----- Collected material -----
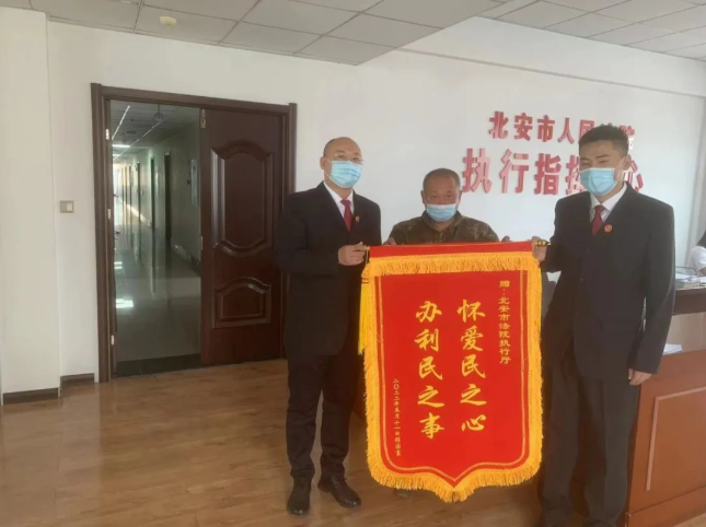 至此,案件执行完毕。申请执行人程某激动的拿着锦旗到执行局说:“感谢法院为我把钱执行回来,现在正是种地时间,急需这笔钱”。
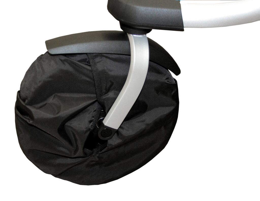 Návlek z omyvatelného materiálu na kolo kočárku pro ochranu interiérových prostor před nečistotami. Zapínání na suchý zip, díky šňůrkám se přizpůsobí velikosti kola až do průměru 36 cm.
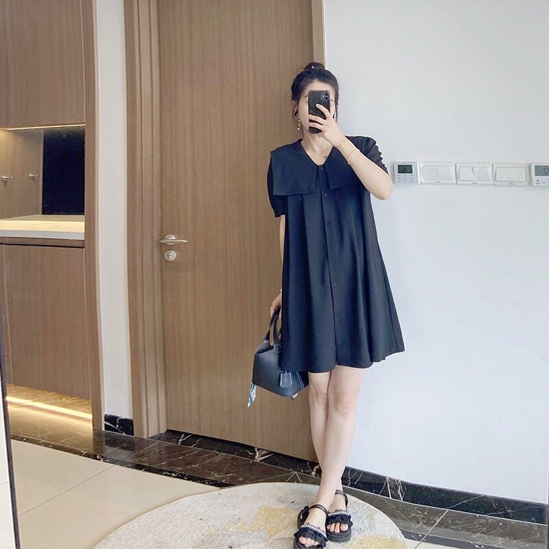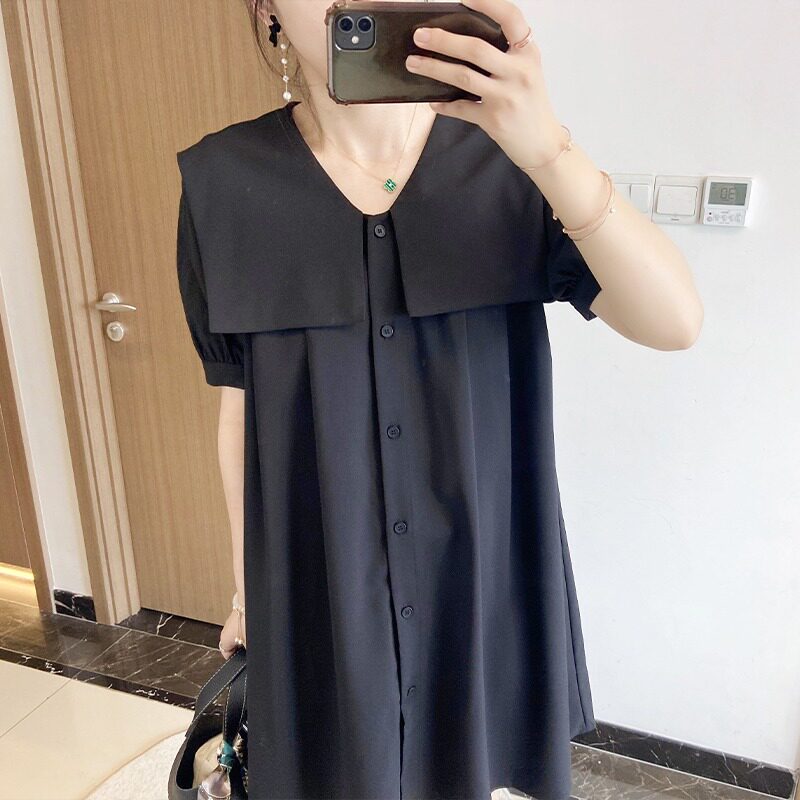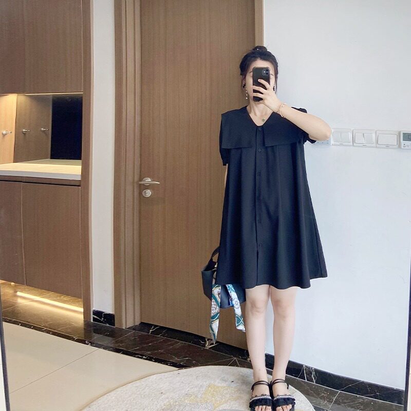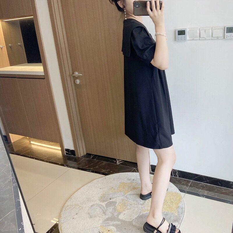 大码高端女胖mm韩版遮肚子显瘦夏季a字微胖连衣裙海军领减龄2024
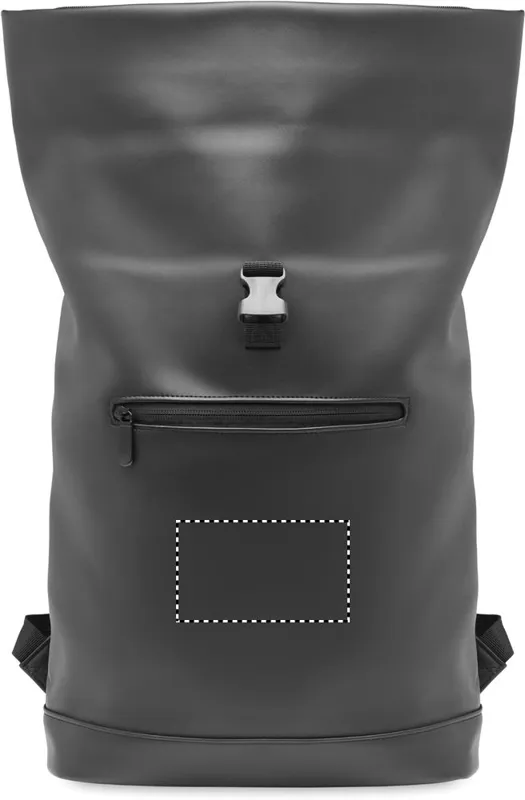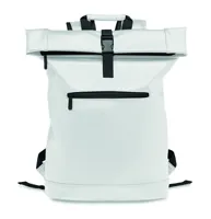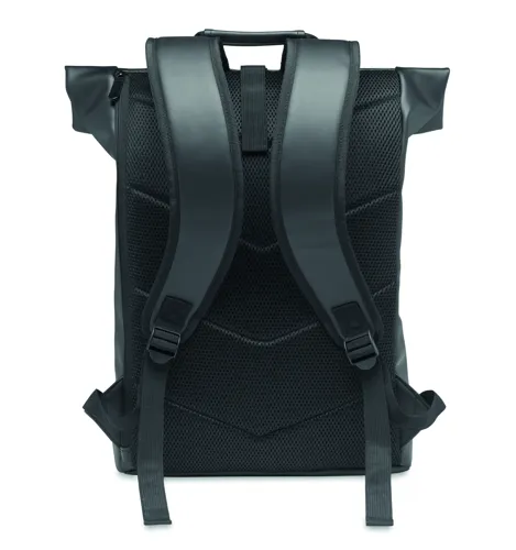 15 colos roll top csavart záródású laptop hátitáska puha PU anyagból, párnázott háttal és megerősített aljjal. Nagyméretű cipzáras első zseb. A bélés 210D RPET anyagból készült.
-----
:: Task description ::
Copy the listing exactly, omitting pictures.

:: The answer ::
 至此,案件执行完毕。申请执行人程某激动的拿着锦旗到执行局说:“感谢法院为我把钱执行回来,现在正是种地时间,急需这笔钱”。
 Návlek z omyvatelného materiálu na kolo kočárku pro ochranu interiérových prostor před nečistotami. Zapínání na suchý zip, díky šňůrkám se přizpůsobí velikosti kola až do průměru 36 cm.
 大码高端女胖mm韩版遮肚子显瘦夏季a字微胖连衣裙海军领减龄2024
 15 colos roll top csavart záródású laptop hátitáska puha PU anyagból, párnázott háttal és megerősített aljjal. Nagyméretű cipzáras első zseb. A bélés 210D RPET anyagból készült.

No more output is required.